Before you think I'm saying that means there is no nirvana, neither does Zen say samsara is nirvana. They are not two separate things, but they aren't the same thing either. Not one, but not two. Is it any wonder Zen Buddhists act sort of spacy after a bout of meditation and wrapping their minds around this?
And thus I've just spouted nonsense and anyone of sense throws up their hands and says Zen is only a bunch of crazy talk. But if reality is what it is, "just like this" in our language, then the mind is what changes. So what is it that is changing? That is the question that Zen practice is designed to penetrate.
So enlightenment is a state of mind. What else can it be? But we don't create our own reality, we only place illusion on top of it. Enlightened or enraged, if you're sitting under a rock when it falls, you're going to get hit.
Me arguing against my point is just that I am speaking in dualities, but referring to something that isn't dualistic.
One thing that one could question is why the Buddha and his monks would blindly take on the idea of rebirth, while all other things are investigated and doubted. Even the existence of a self is challenged, something that was also core to Brahman faith. Also casts were set aside by the Buddha, he placed women on equal ability, which was also very challenging at that time. He didn't belief his own teachers, and even had a totally different understanding of how rebirth was seen and how it occured, where it would go, what enlightenment is, on the gods, etc etc.

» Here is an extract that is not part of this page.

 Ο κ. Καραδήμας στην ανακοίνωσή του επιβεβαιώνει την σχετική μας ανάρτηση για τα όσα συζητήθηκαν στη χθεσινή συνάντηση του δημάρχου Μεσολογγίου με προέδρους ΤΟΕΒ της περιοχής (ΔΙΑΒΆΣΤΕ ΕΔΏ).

One could think of many reasons why rebirth would be somehow an exception that wasn't questioned by the Buddha, but I don't think it makes strong evidence; especially considering that there were also many other views existing at the time, as it appears to be in the suttas. Materialism was one of those views the Buddha rejected, was that just based on his environment or..? If people now and before can get beyond the belief in God in christian environments, surely the Buddha and his monks who devoted their entire lives to finding the truth would have been capable of leaving behind old views as well. That's not a superhuman thing to do, not now and not 2500 years ago.

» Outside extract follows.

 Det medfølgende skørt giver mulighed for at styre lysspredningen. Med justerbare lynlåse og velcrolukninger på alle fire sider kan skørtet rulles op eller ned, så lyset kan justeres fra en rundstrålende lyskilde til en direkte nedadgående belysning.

So if one rejects rebirth, on equal grounds everything else in the suttas can be rejected as well. Which is fine, I like critical people. But being critical selectively could not be all that useful.
I gained nothing at all from supreme enlightenment, and for that very reason it is called supreme enlightenment.
- the Buddha
If you cannot find the truth right where you are, where else do you expect to find it?
- Dogen Zenji
Birth, life, and death; it is all "just like this". What was your face before your parents were born? Answer that, and you comprehend the not-made. If there is a not-born, a not-become, a not-made, a not-compounded, then you are still in this incarnation born, become, made, compounded. How do you get from one to the other?
Emptiness is form and form is emptiness. Not one and not two.
Not one, and not two. To say you either have or don't have Buddha Nature is to already go wrong. As long as you see nirvana as something "out there" or outside of your everyday life, you will never get one step closer to it. You might as well try to reach the horizon. No matter how far you travel, it remains just as far away.
Here I draw my own particular line between knowledge and experience in Buddhism, and say my cherished science reaches a limit and I stand on a sandy beach, looking out at the unknown waters of my own mind.
In all our debates, even with Songhill who asks me such irritating questions, I suspect we tilt at windmills that exist only in our own limited imagination.
If we're in an incarnation, we're born, become, made, compounded. But we aren't in an incarnation; only words know incarnations and birth and death.
And of course I might be wrong. It's been known to happen, according to my wife. I"m not insisting the sutras are wrong on this, only saying I don't believe either the sutras or evidence is compelling enough for me to believe. And, my own understanding of the Dharma points me toward a different way of looking at life and death.